Hotel Lock Hacker Leads Manufacturer to Release Fixes
In response to a Black Hat security conference demonstration in July, electronic lock maker Onity is rolling out fixes to problems that were easily exploited by a 24-year-old security researcher.
With less than $50 worth of equipment, Cody Brocious used an open-source device to connect to a DC port on the bottom of a hotel room keycard lock that opened once the power was turned on.
Although Onity scoffed and called the trick "unreliable and complex to implement," it was a big enough security issue to prompt the company, which has locks on over 4 million hotel room doors, to make some fixes.

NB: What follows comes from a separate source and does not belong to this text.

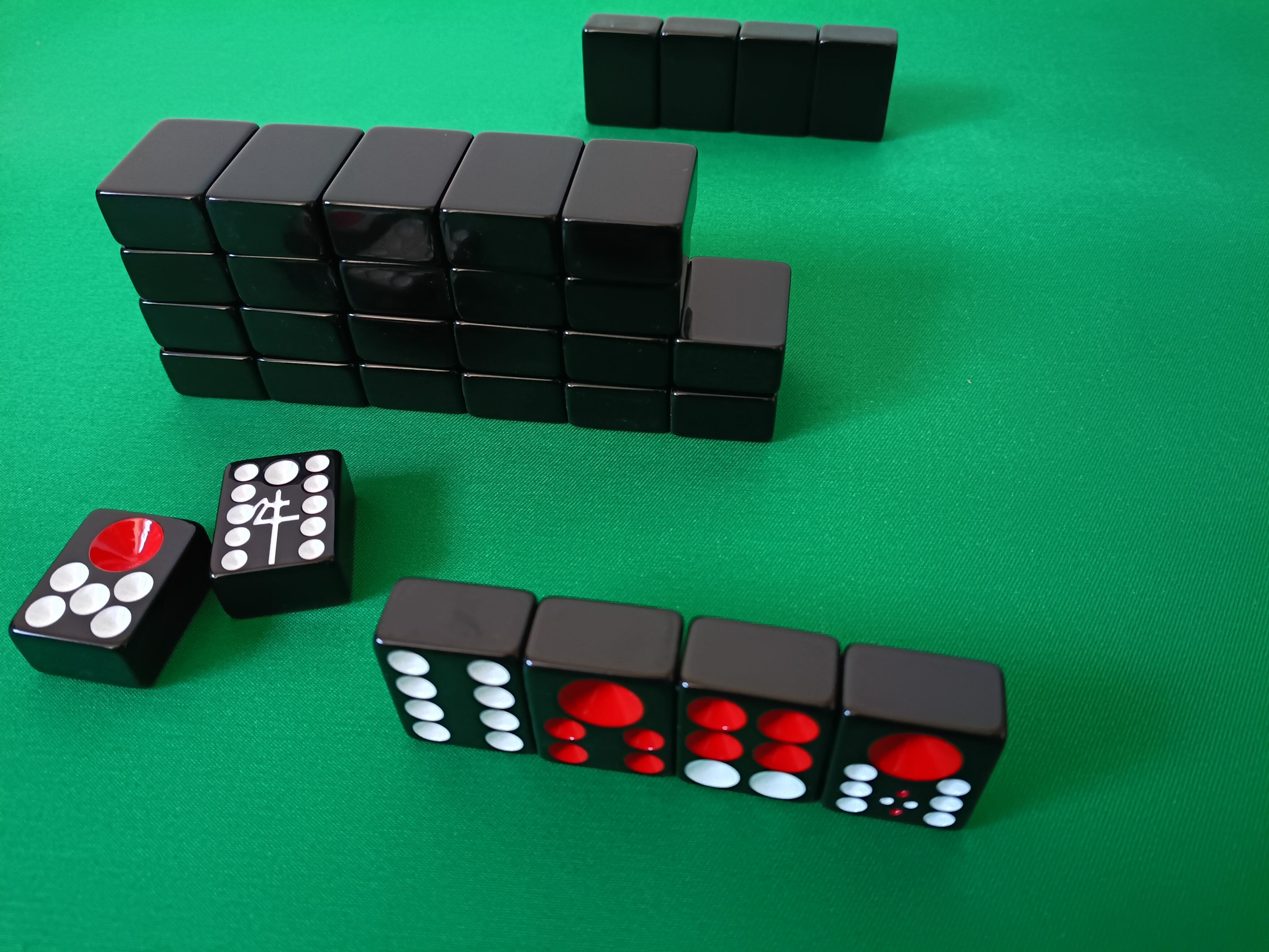 麻雀牌に近い寸法で遊びやすく、柄も見やすく重さもズッシリとした重厚感あり高級感漂う天九牌です。
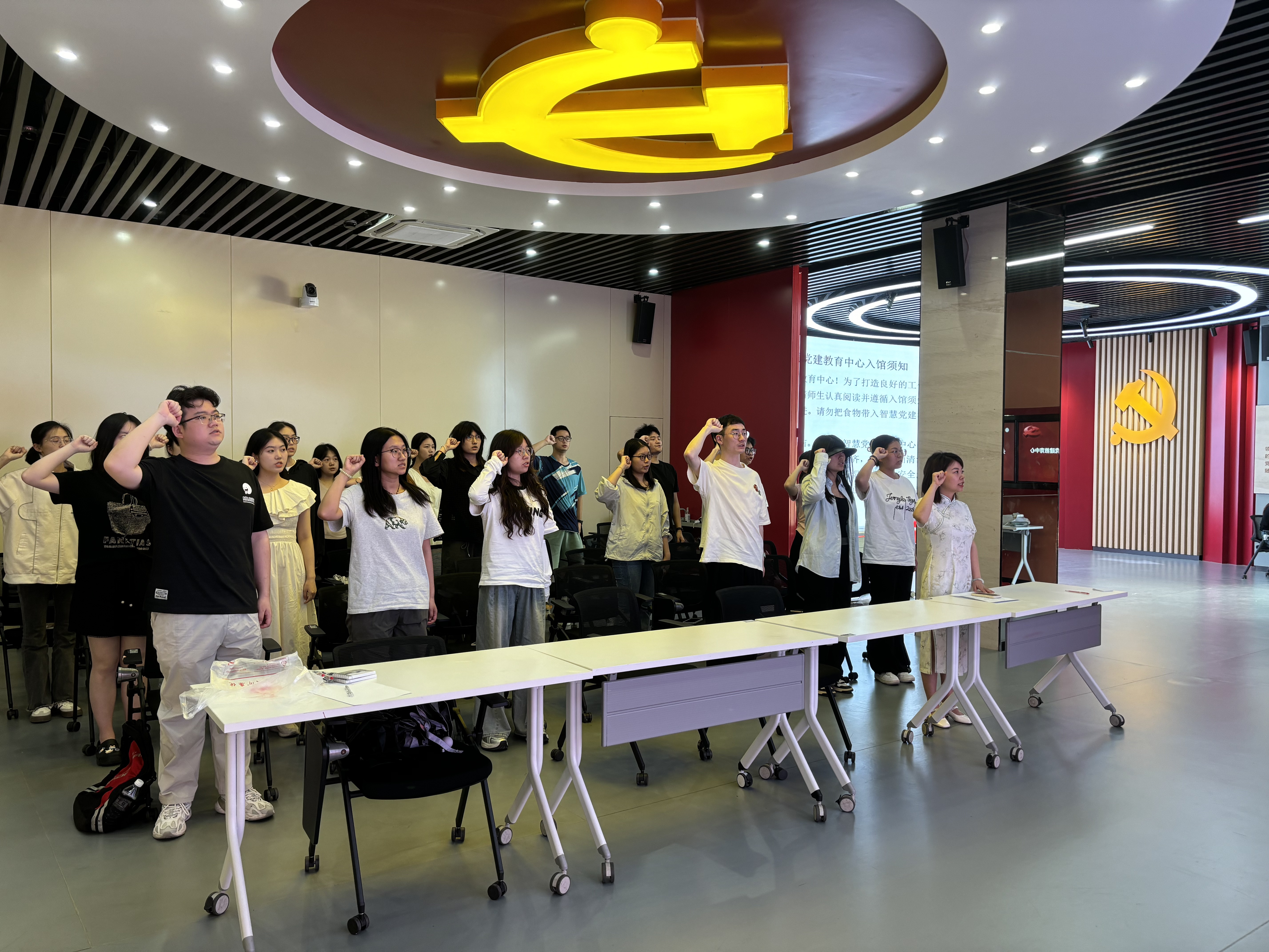 活动在庄严的氛围中拉开帷幕。党员们首先进行了签到并佩戴党徽,随后在主持人的带领下参观了智慧党建中心,深入学习了中央八项规定精神。通过详实的历史背景和具体内容讲解,党员们进一步理解了中央八项规定在全面从严治党中的重要意义。

The company's approach to combating the hack is two-tiered: Onity will provide physical plugs and Torx screws to block the port and make the casing that houses the HT series lock's guts more difficult to open.
In a statement, Onity said it will provide its customers with those components for free, but the cost of an important firmware update, for both HT series and ADVANCE series locks, will have to be shouldered by the hotels themselves.
The update for HT24 series locks is available now, and the ADVANCE series update will be available at the end of August.
On his blog, Brocious took issue with what Onity called its "firmware update" and explained that the fix will actually require a swapping out of the entire circuit board. That's more like a hardware update.
The hack, as exploited by Brocious, involves a portable programmer not unlike the ones used to program guest keys and master keycards.
Brocious explained to Forbes that the lock's memory becomes readable to the device that's plugged into it. From there, he said he was able to trip the lock's "open" mechanism by accessing the cryptographic key — identical to the key on a corresponding keycard's magnetic strip — stored inside the lock's brain.
While there's still no telling how expensive this solution will be for Onity or its customers, some are upset that Onity is making hotels share the expense at all.
Brocious told The Register that this may lead some hotels to forgo the fix, leaving their guests vulnerable to a technically savvy intruder.
If such a case were to happen to a car, Brocious said, "customers would likely expect a complete recall at the expense of the manufacturer."
Brocious, who praised Onity's decision to confront these issues head-on, said he still thinks the lock manufacturer has the responsibility of bearing the financial cost for its customers and for the hotel guests who trust their locks.